I guess my philosophy with it is to be as careful as I can in avoiding problems overnight, but remembering that is very rare (although it can happen) for a diabetic to die from an undetected night time hypo. So for me that would be confidence that my basal rate is ok, and when it goes off then comitting myself to 3am readings until it's right again. At the moment I'm happy that my basal is fine and confident about sleeping on anything 5+, at times when my basal has been less sure I'd have made sure I had a higher starting level before bed.
The biggest risk for adults seems to be after drinking. I've come to know what alcohol does to me overnight, and so treat accordingly, usually snacking before bed. I'm also careful never to go too ott so that I'm sure I'll still be taking care.
I do find that I wake up when I have night hypos, usually before it gets too low. Now I know that's not a guaranteed thing, but it's not something I tend to think about. To some that might seem like I'm burying my head in the sand but to me that's not the case. I think it's just where you decide to draw your line in a kind of life/diabetes balance. In a similar way, If I really thought hard about it I would probably spend most of my time worrying about complications, so I try to give the prospect the respect it deserves but not let it take over, so if my control needs to be compromised occasionally because I want to do a certain activity or eat that piece of cake then so be it. It's totally a personal thing though in what 'risks' you decide are acceptable, and I wild guess that's so much harder as a carer of someone with diabetes as they're not solely your decisions to make.
Carolk, has your son had an opportunity to do a course such as dafne, or a local equivalent. It could be really usful in giving him the tools to fine tune his basal rates to lower the risk of hypos. Of course the courses would also give him knowledge of a lot of other aspects too.


----------



## Smit (May 3, 2010)

Hi Carol, 
I can totally understand where you are coming from. I was diagnosed at 3, i am now 27 and married. But even now my parents still worry. They always have and always will. I tend to check my blood just before bed, if under 5.5 i always eat a biscuit to see me through the night.

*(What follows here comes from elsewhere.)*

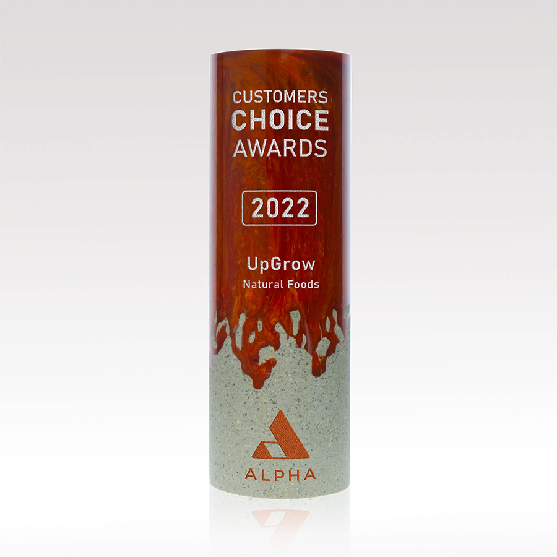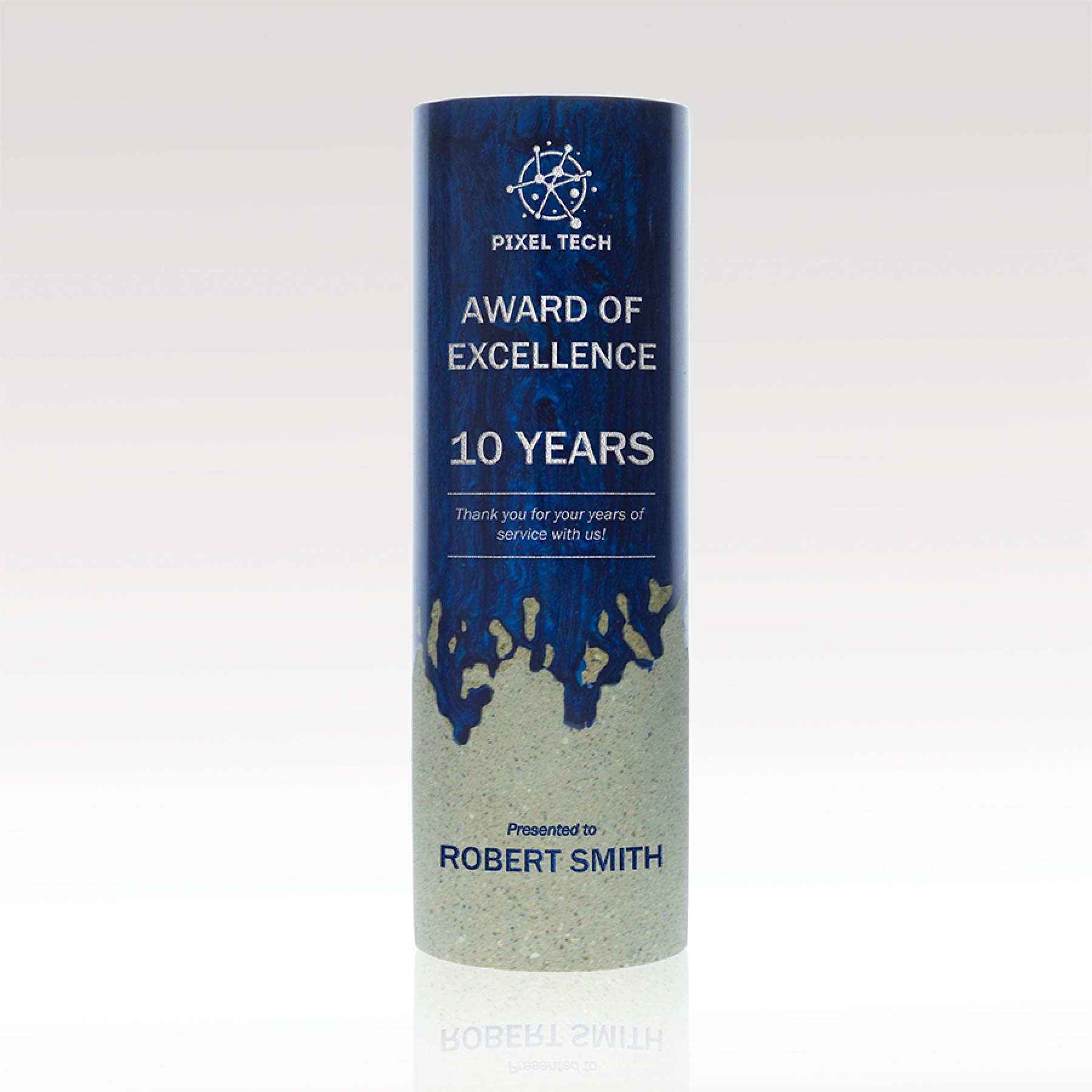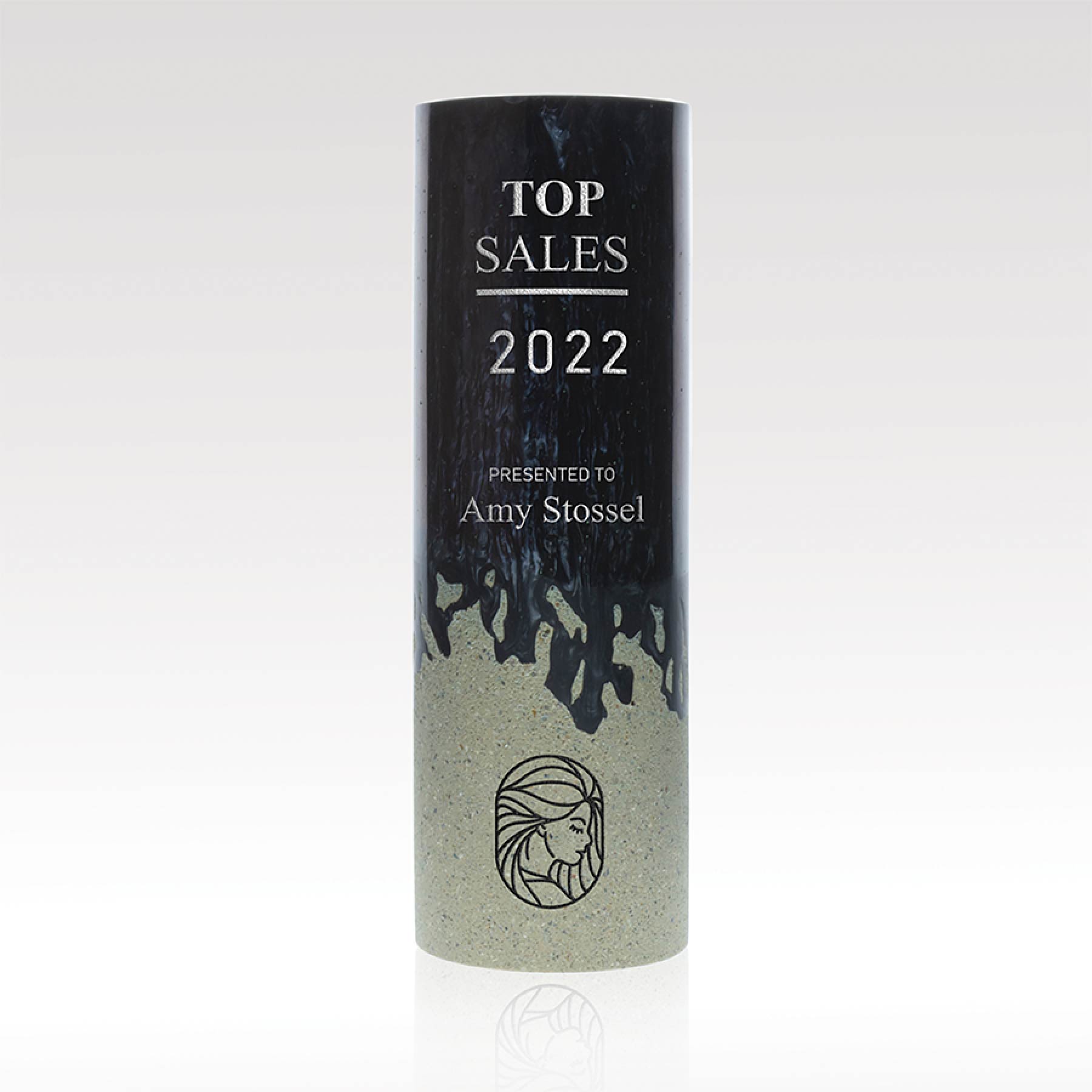 Pulsar from the Cosmos Collection, this sleek 8” high cylinder-shaped award features natural concrete paired with your choice of four colours of polished resin. Skilfully etched and colour-filled imprints carry your words of congratulations.

No reason for the 5.5 and under, it's just what i feel safe at. I always keep snacks by my bed and near by incase i wake up and need something. When my husband is away working my mum panics if she has not heard from me and starts calling. Claims it's just for a chat but i know the real reason. You will always worry and it's good you are there for him. I think i'd try and let him try and take some responsibility from now on and just be there to support him. My diabetes was crazy at his age, but i eventually got fed up been ill and was very grateful for my parents support when i finally admitted i couldn't control it myself. x x Hope this helps and i didn't gab on for to long. x


----------



## bev (May 3, 2010)

http://www.dundeeforum.co.uk/ubbthreads.php/topics/27411/Dundee_student_dies_after_week.html

This story is so sad and brings it all home. Lauren I do think your DSN is slightly out of touch with things if she is giving you this advice. Obviously these things dont happen often, but this is the 4th death I have heard about this year. The other 3 were all youngsters age 12, 14, and 18 (I think) and none of them were drinkers. One boy died of DKA within 4 hours of speaking to his mum on the phone as he had gone home from school and his mum was at work. He said he was fine - but when she came home she found he had passed away. I am not trying to worry anyone unnecessesarily here - but I do wish that DSN's would stop telling people that they will be fine if they hypo through the night - because sometimes they are not fine.Bev


----------



## HelenM (May 3, 2010)

This is a worrying subject and  sometimes it seems that we should steer well away because of the anxiety such subjects cause. I can well understand the fears of parents.
I've been trying to find out  numbers involved to try to put the problem into perspective.  I couldn't find any useful UK figures:
In Norway between 1981 and 1990 there were 240 deaths of under 40yr olds with diabetes (from all causes) of these 16 could be classified as 'dead in bed' 
In Sweden  there was a study of all children diagnosed between 1977-2000 and followed up until 2000  By 2000 , 10200 children were on the register. A total of 78 died  (81,600 person-years of the observation.) Of these  17 cases were classified as 'dead in bed.' (in the same study 33 deaths happened for reasons  nothing to do with diabetes)
So the risk is there and everyone is right to be aware of it but it is thankfully not a frequent occurence.


 a fairly recent article on the syndrome with a few practical suggestions (though they're all common sense)on avoiding nightime hypos.

http://www.diabetesmonitor.com/learning-center/other-complications/dead-in-bed-syndrome.htm

Someone earlier on said their nurse mentioned alcohol, I know of cases where this has been involved, and is something we all have to take into account  but these wouldn't be classified in the same way.


----------



## Northerner (May 3, 2010)

Thanks Helen, it does help to put it into perspective - rare but not unheard of. Night hypos used to worry me a lot in the first few months after diagnosis (I live alone), as I had them quite frequently. Eventually, I got a good feel for the right dose for my basal insulin and ended up reducing it from 20 units to 6! I'm pretty confident about it now - I did a basal test yesterday, 5.3 before and 5.4 six hours later  I'm similar to Aymes and have my lower 'limit' at 5.5 before bed - below this and I will have a snack.


----------



## Lauren (May 4, 2010)

That is so sad. I am a bit frightened now.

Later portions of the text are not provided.